:: MATERIAL TO PROCESS

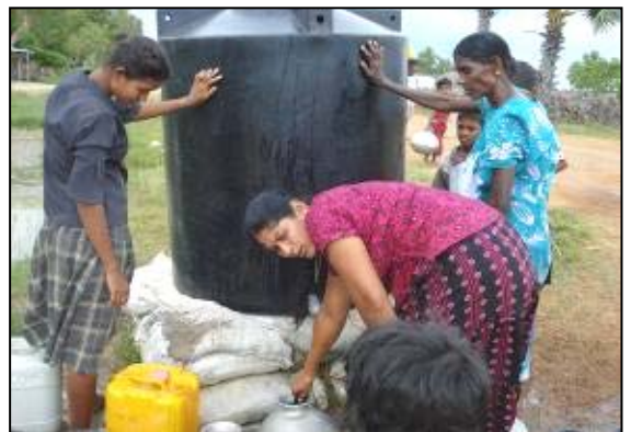
IDPs collecting drinking water in Mullankavil IDP Camp
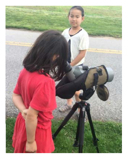
SMRA Young Birders Walk, April 2017

American Kestrel at Croton Point Park.
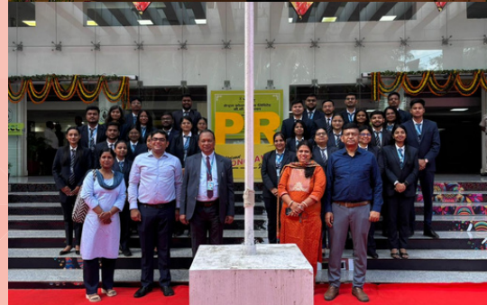
XISS Ranchi participates in National PR Conclave hosted by Central Coalfields Limited

Representatives and students of XISS, Ranchi, participated in the National Public Relations Conclave on the theme "Redefining PR: From Information to Engagement in the Era of Digitalization," organized by Central Coalfields Limited (CCL) at Ranchi from 8–9 October 2025.
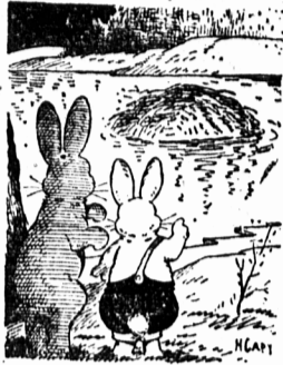
"That's not a house," said he. "It's just a pile of stuff."

This is true of both things that are good and things that are not good. Any one may have too much of anything, and more than enough is too much. Blacky, the pet Rabbit of Farmer Brown's boy, had had enough of the Green Forest. He had had enough of being out in the Great World. He had had enough of looking and listening for he didn't know what. He had had enough of nibbling at food he wasn't used to and so didn't like. He wished mightily that he were safe back in the pen out of which he had dug his way to join his cousin, Peter Rabbit, from the dear Old Briar-patch, to go with him to see the great World.
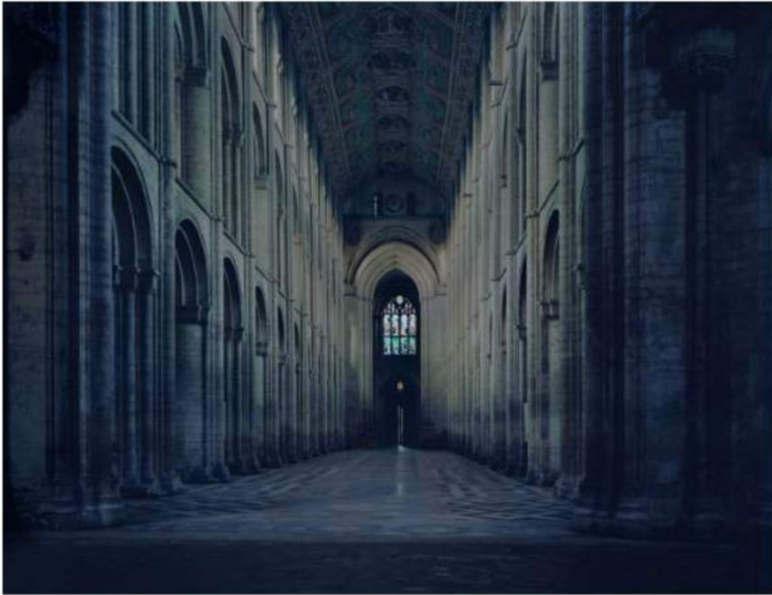
The Eve of St. Agnes by Harry Cory Wright
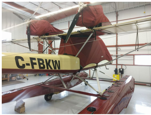
Lockwood AirCam Canopy Cover (fully enclosed bubble), Engine Covers
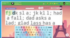
3-12 Student Keyboard
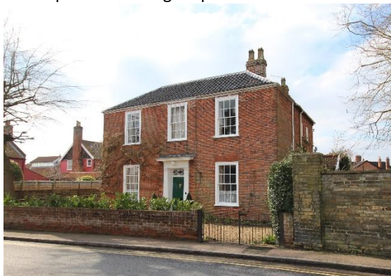
No.10 Trinity Street

Trinity House, No.8 Trinity Street and boundary wall to front. (grade II). An early to mid-nineteenth century villa of two storeys. Faced in Suffolk white brick. Hipped roof with a wide eave's soffit, now covered in late twentieth century machine tiles. Entrance façade of three bays with wide pilasters close to the outer corners. The central bay projects slightly and the windows of the outer bays set in shallow panels. Three hornless sash windows with narrow margin lights to first floor. Flat arched lintels and painted stone sills. Six-panelled door with arched radial-bar fanlight. Doric porch with exaggerated entasis to columns, and an enriched entablature. Porch enclosed at later date with glazed screen and doors. Subsidiary Structures include a nineteenth century Low white brick wall to Trinity Street with twentieth century railings. Four square- section gate piers.
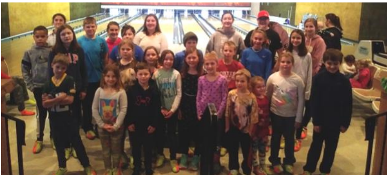
The Nelsonville Zippy Zees had fun bowling at White Tail Lanes in January 2020.
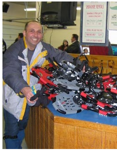
Intro to snowshoeing & tubing
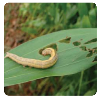
Speiredonia retorta early instar larvae make small holes in young leaves
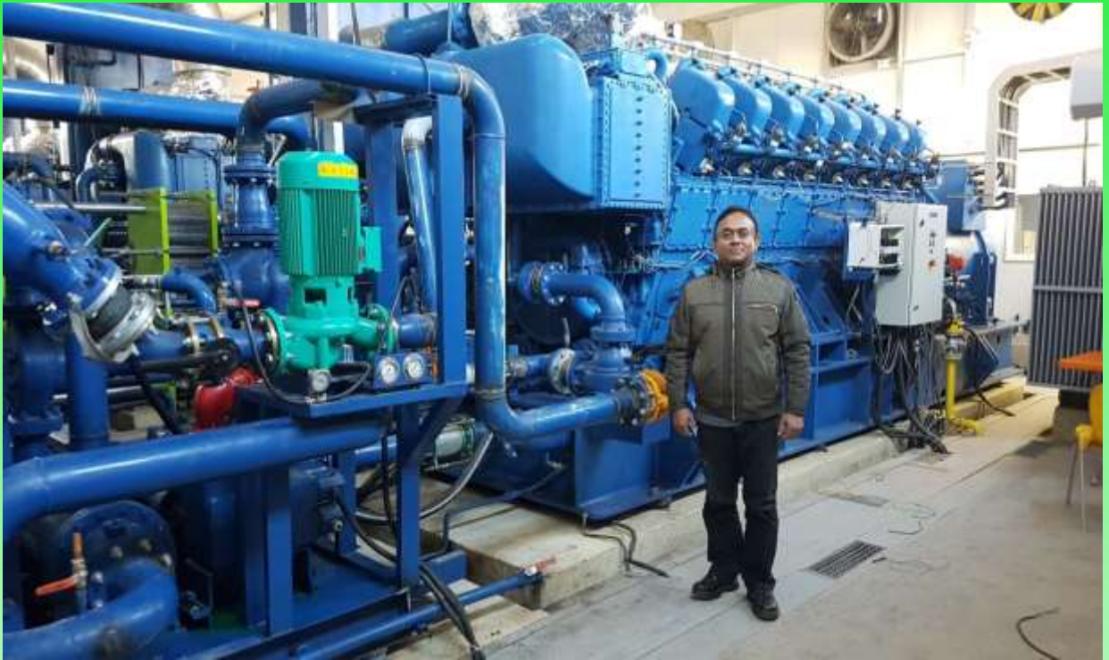
NATURAL GAS GENSET BEING MODIFIED FOR NOX COMPLIANCE
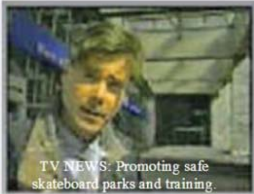
TV NEWS: Promoting safe skateboard parks and training.
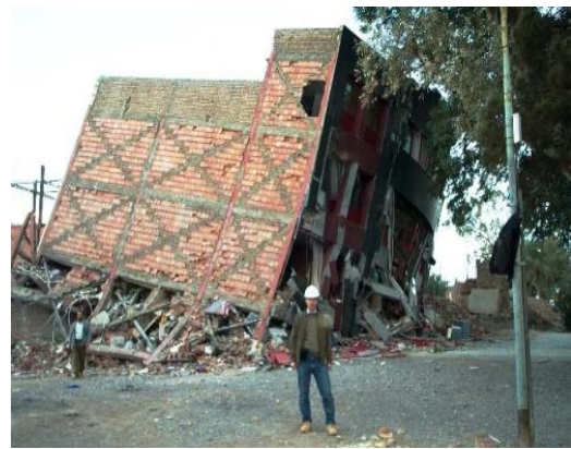
Iran earthquake (Bam 2003)
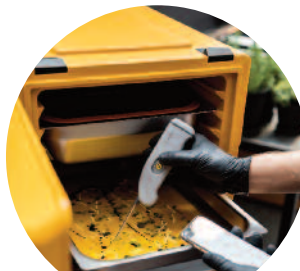
Keeping food warm
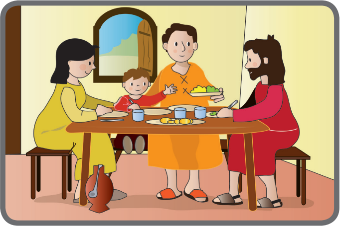
I will eat with you and you with me.
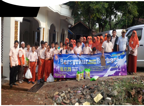
Charity Day, 17 November 2015, location : Kampung Ciangsana
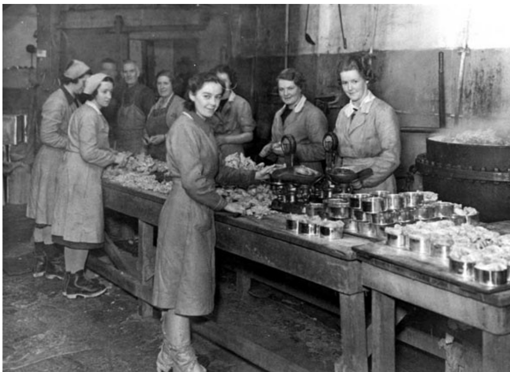
Packing sheep's tongues at Irvine and Stevenson St George Co. Ltd, 1942. S06-194b, Pictorial Collections.

Hocken Collections/Te Uare Taoka o Hākena 90 Anzac Ave, PO Box 56, Dunedin 9054 Phone 03 479 8868 reference.hocken@otago.ac.nz https://www.otago.ac.nz/library/hocken/
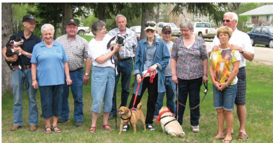
Participants & volunteers at the Lions Foundation of Canada Walk for Dog Guides held at Wawanesa on May 25, 2014. Wawanesa Lions Club raised $1160 for the Dog Guide Program.

To some these dog guides are their eyes, to others, their means to live independently. If your club did not take part this year, get more information at www.purinawalkfordogguides.com and join the steps towards independence before May 2015.
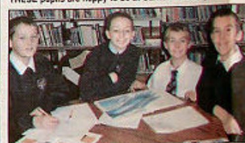
THE school library at Carrick Academy is a popular meeting place for these pals.
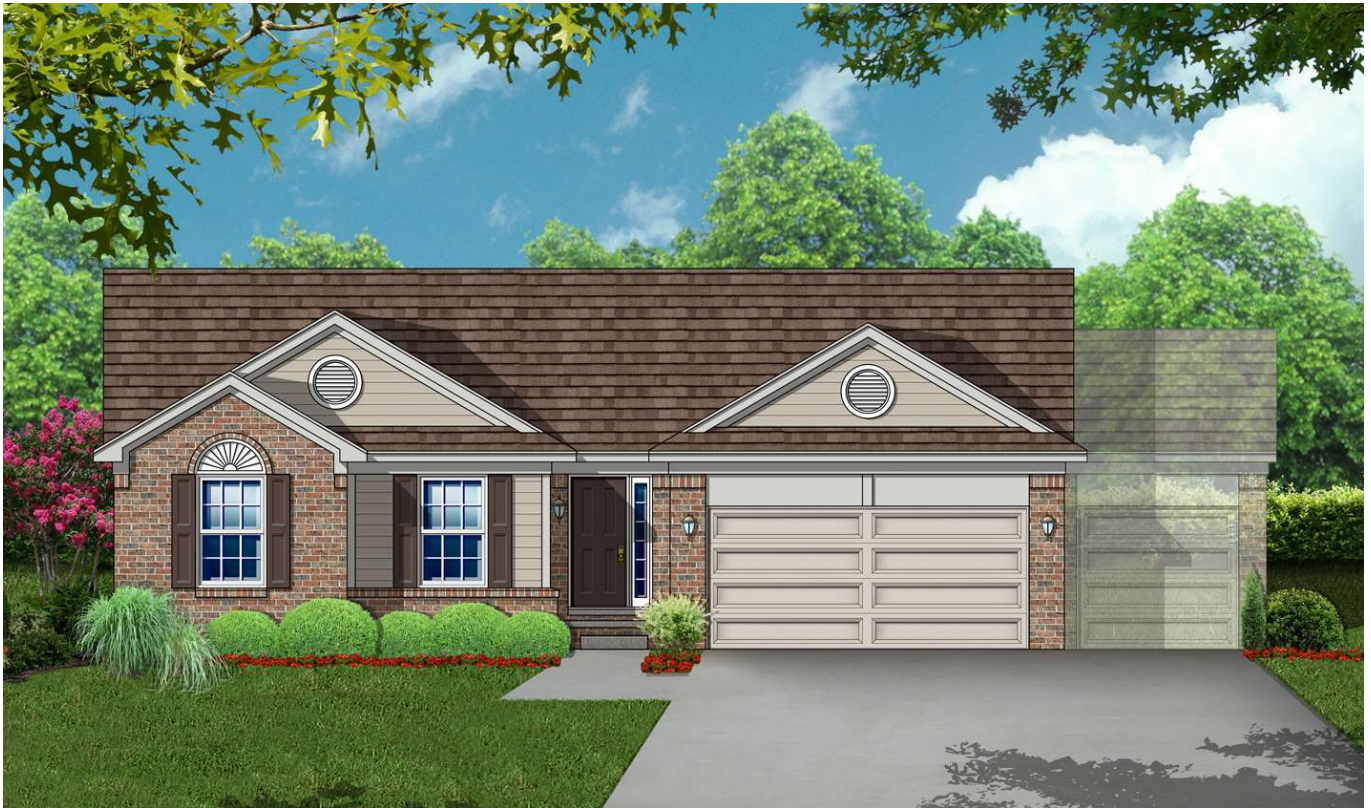
Shown with optional 3-car garage ghosted.
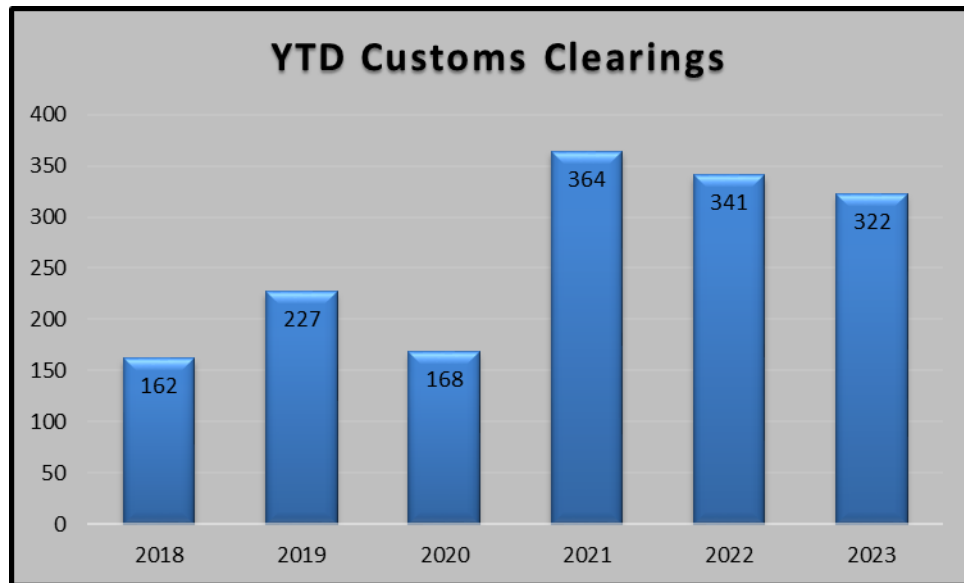
Customs Clearings Year to Date through August 2023
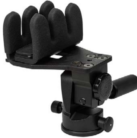
KJ86000 REAPER GRIP SYSTEM
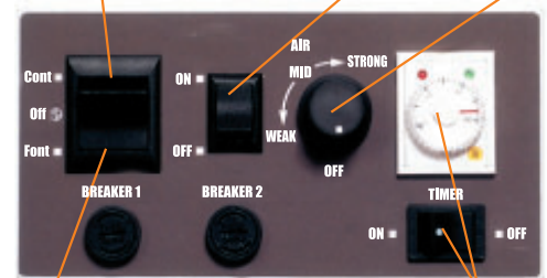
Foot operation (Operation panel) Timer
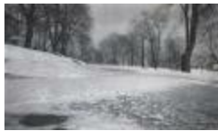
Snow covering the campus green (MS 0118-007)
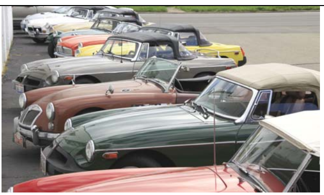
They look even better close up!
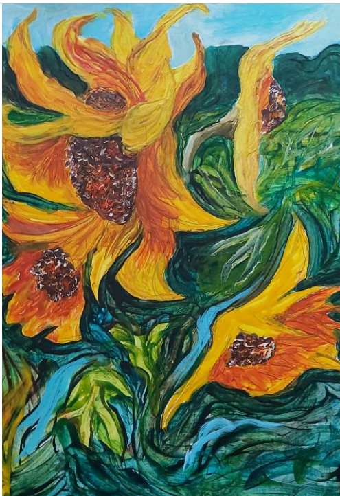
Dorothy Worrall: 'My Sunflowers', acrylic
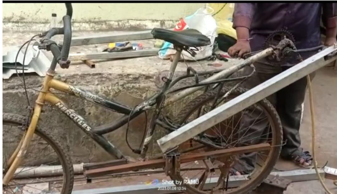
Figure1. Fabrication phase-I started

This describes about the fabrication of cross trainer with bicycle:

::::

From the material above, gather all lines that include the string "safe" and copy them.

This is true of both things that are good and things that are not good. Any one may have too much of anything, and more than enough is too much. Blacky, the pet Rabbit of Farmer Brown's boy, had had enough of the Green Forest. He had had enough of being out in the Great World. He had had enough of looking and listening for he didn't know what. He had had enough of nibbling at food he wasn't used to and so didn't like. He wished mightily that he were safe back in the pen out of which he had dug his way to join his cousin, Peter Rabbit, from the dear Old Briar-patch, to go with him to see the great World.
TV NEWS: Promoting safe skateboard parks and training.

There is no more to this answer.